What this task involves: Skip the pictures. Output only the lines below starting at the line with "Tarjeta RSVP de" and ending at the line with "沃尔特马德(斯图加特→纽卡斯", both ends included, exactly as they are.

Data under study:
<<<<
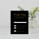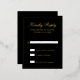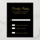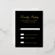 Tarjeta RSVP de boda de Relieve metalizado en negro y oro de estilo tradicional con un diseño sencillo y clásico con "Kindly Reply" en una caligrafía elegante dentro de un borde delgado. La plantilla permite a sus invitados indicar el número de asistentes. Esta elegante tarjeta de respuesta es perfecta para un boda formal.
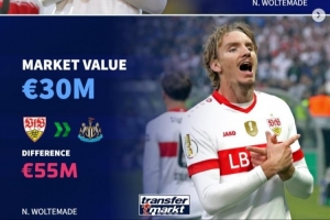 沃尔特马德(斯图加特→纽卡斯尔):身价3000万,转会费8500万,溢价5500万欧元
>>>>
<<<<
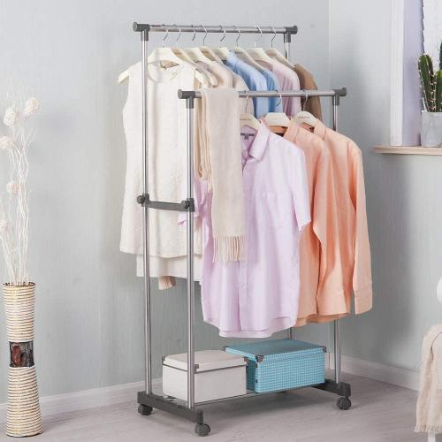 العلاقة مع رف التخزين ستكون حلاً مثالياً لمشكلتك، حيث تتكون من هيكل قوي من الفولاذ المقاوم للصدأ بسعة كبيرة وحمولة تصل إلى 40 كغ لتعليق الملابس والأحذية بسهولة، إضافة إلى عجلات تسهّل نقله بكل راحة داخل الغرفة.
>>>>
<<<<
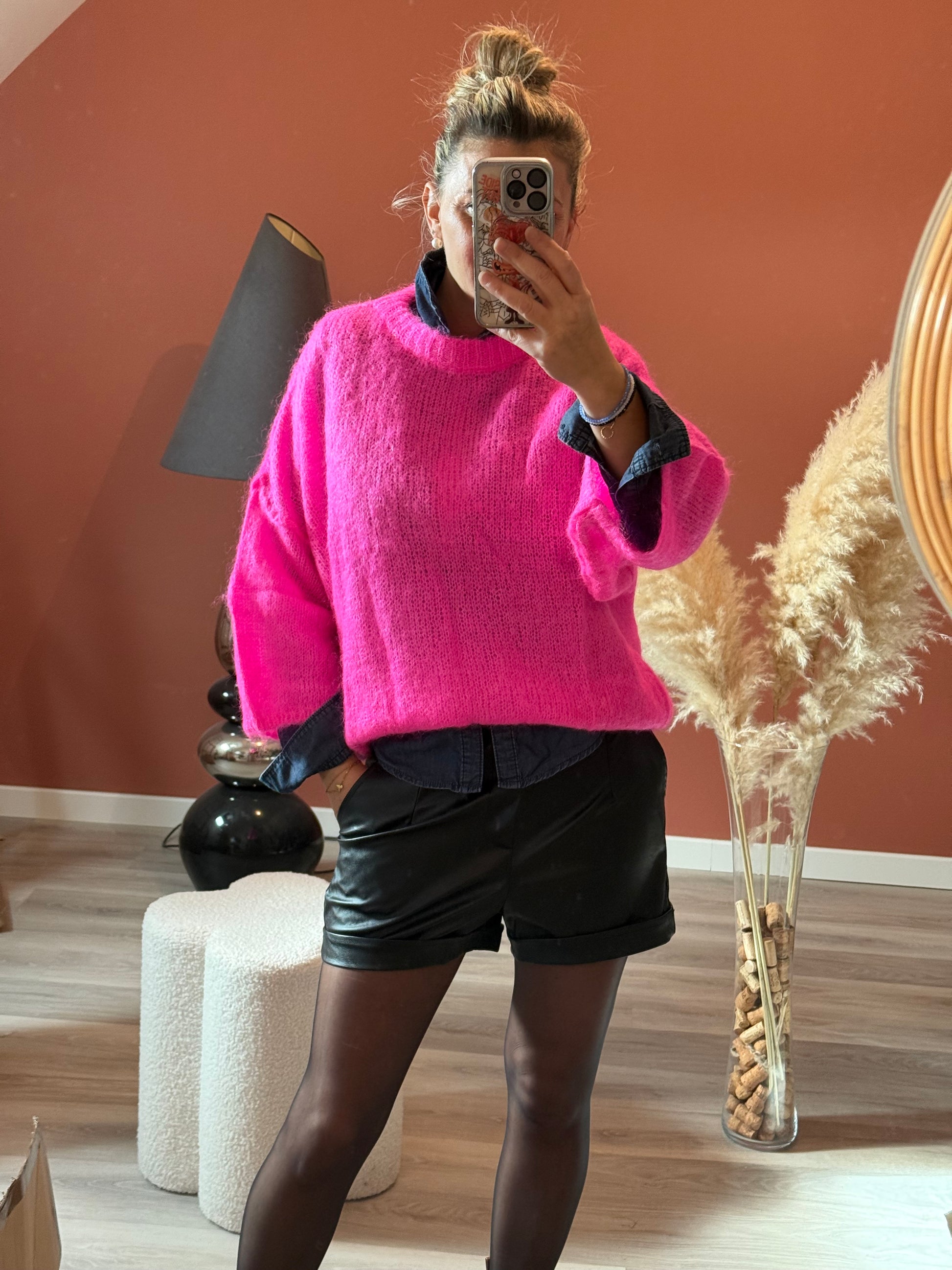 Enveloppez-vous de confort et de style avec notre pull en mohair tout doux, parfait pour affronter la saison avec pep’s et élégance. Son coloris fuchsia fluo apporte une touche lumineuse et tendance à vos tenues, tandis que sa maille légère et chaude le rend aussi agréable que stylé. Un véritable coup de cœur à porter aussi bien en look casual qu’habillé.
>>>>
Task response:
 Tarjeta RSVP de boda de Relieve metalizado en negro y oro de estilo tradicional con un diseño sencillo y clásico con "Kindly Reply" en una caligrafía elegante dentro de un borde delgado. La plantilla permite a sus invitados indicar el número de asistentes. Esta elegante tarjeta de respuesta es perfecta para un boda formal.
 沃尔特马德(斯图加特→纽卡斯尔):身价3000万,转会费8500万,溢价5500万欧元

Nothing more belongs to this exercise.